For each pair of “ reference pdf, conversion result ” we calculated the similarity by the length of the extracted text and by the frequencies of the extracted words. Naturally, these metrics were obtained only in cases where the conversion was successful. Therefore, we do not consider the results of Syncfusion here. DevExpress and GroupDocs showed similar performance. On the DevExpress side, a significantly higher percentage of successful conversion, on the GD side, correct work with footnotes.


Given the results, the choice was obvious. We still use the solution from DevExpress and will soon plan to upgrade to its 19th version.

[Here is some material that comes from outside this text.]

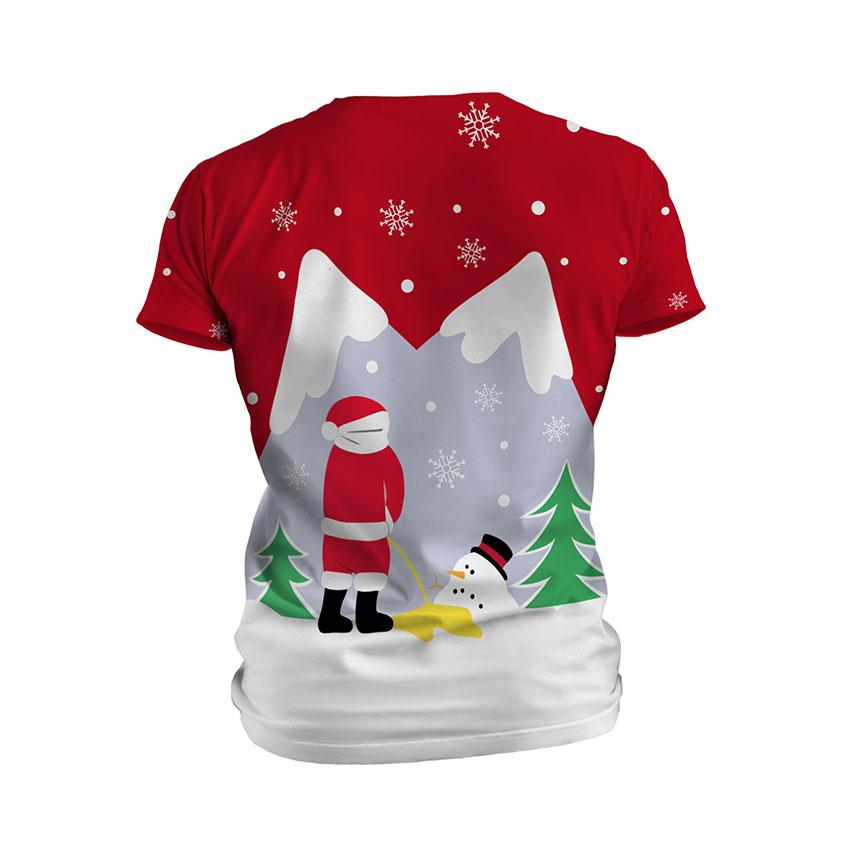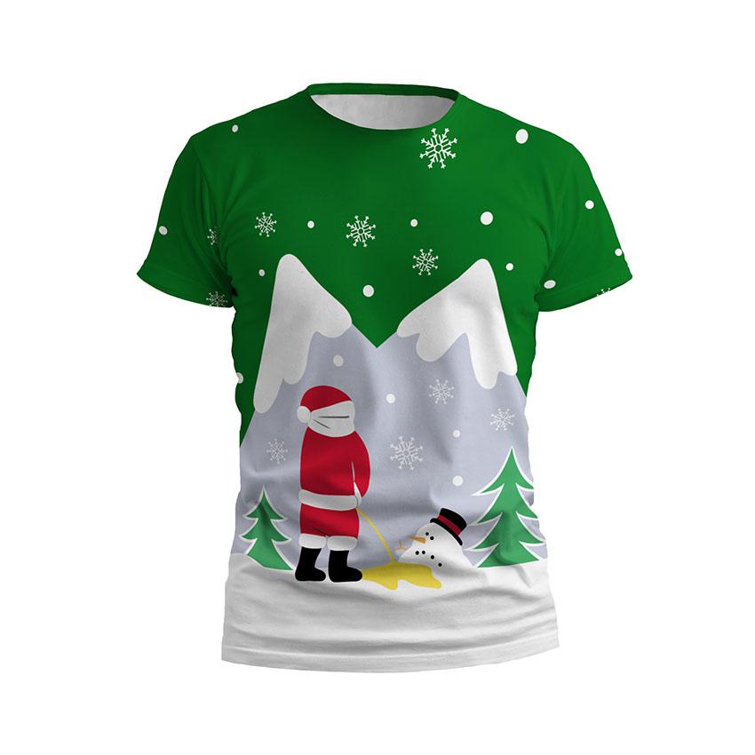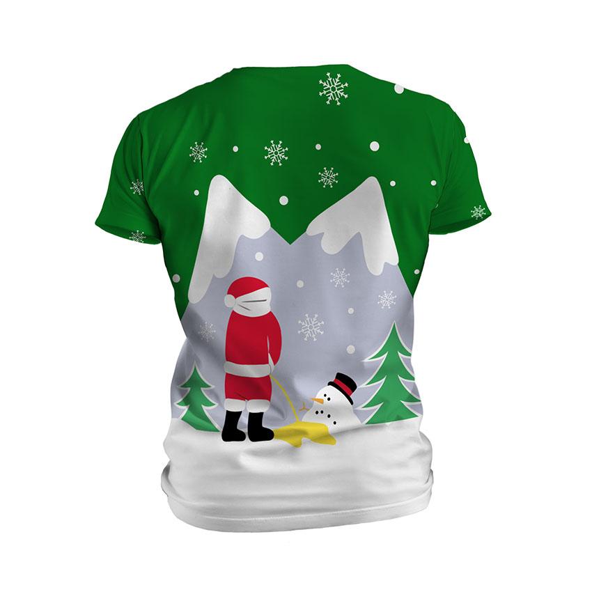 Необычный зимний принт с Сантой и снеговиком создает веселое настроение и добавляет праздничности. Футболка с таким принтом передает легкость и чувство юмора, напоминая, что праздники — это время улыбок и хорошего настроения. Подойдет людям, которые любят оригинальные образы и хотят выделиться во время новогодних праздников.

There is a PDF, extract text with formatting


So, we can convert documents to pdf. Now we are faced with another task: using DevExpress to extract text, knowing all the information we need about each word. Namely:



The image shows a breakdown of the text into pages, and also illustrates the correspondence of the words of the text of the page area.



Image Source: Header Metadata Extraction from Scientific Documents


It would seem that everything should be simple. We look, what API provides us DevExpress:



Okay, everything seems to be there. But how to get the necessary data for each word in the text of the document, which returns DevExpress? We don’t really want to collect the text of a document from words, because, for example, we don’t have information, where between words is just a space, and where is a line break. We'll have to come up with heuristics based on the location of the words ... The text is here, we have already assembled it.



Image source: Eureka!


The obvious solution is to match the words with the text of the document. We look - indeed, in the text of the document the words are arranged in the same order in which the iterator returns them by the words of the document.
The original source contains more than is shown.